■ WORK INSTRUCTIONS ■
Scan the material and copy every line in which "During" appears.

■ PROVIDED RECORDS ■
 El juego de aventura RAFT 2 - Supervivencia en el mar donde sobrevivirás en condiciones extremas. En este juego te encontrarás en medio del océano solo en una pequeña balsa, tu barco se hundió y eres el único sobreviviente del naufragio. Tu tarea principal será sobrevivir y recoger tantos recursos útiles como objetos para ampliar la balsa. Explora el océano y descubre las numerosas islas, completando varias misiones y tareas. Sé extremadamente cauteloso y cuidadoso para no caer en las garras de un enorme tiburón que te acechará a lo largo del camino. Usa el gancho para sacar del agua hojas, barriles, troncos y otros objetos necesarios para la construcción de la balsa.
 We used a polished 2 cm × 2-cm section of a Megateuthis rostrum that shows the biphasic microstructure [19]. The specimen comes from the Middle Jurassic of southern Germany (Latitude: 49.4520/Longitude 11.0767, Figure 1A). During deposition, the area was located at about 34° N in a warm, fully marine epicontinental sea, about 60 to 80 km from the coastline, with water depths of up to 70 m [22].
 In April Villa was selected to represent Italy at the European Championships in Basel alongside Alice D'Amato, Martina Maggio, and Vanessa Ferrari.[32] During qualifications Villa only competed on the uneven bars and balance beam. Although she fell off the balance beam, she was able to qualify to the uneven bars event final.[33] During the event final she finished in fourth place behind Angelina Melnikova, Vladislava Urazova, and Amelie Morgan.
...
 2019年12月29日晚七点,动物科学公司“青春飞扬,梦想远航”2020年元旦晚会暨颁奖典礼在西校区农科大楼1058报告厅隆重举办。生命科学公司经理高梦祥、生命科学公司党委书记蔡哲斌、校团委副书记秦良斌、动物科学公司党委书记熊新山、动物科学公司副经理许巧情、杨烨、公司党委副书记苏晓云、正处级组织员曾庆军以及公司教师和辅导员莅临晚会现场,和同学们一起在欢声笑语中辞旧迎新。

■ RESPONSE ■
 We used a polished 2 cm × 2-cm section of a Megateuthis rostrum that shows the biphasic microstructure [19]. The specimen comes from the Middle Jurassic of southern Germany (Latitude: 49.4520/Longitude 11.0767, Figure 1A). During deposition, the area was located at about 34° N in a warm, fully marine epicontinental sea, about 60 to 80 km from the coastline, with water depths of up to 70 m [22].
 In April Villa was selected to represent Italy at the European Championships in Basel alongside Alice D'Amato, Martina Maggio, and Vanessa Ferrari.[32] During qualifications Villa only competed on the uneven bars and balance beam. Although she fell off the balance beam, she was able to qualify to the uneven bars event final.[33] During the event final she finished in fourth place behind Angelina Melnikova, Vladislava Urazova, and Amelie Morgan.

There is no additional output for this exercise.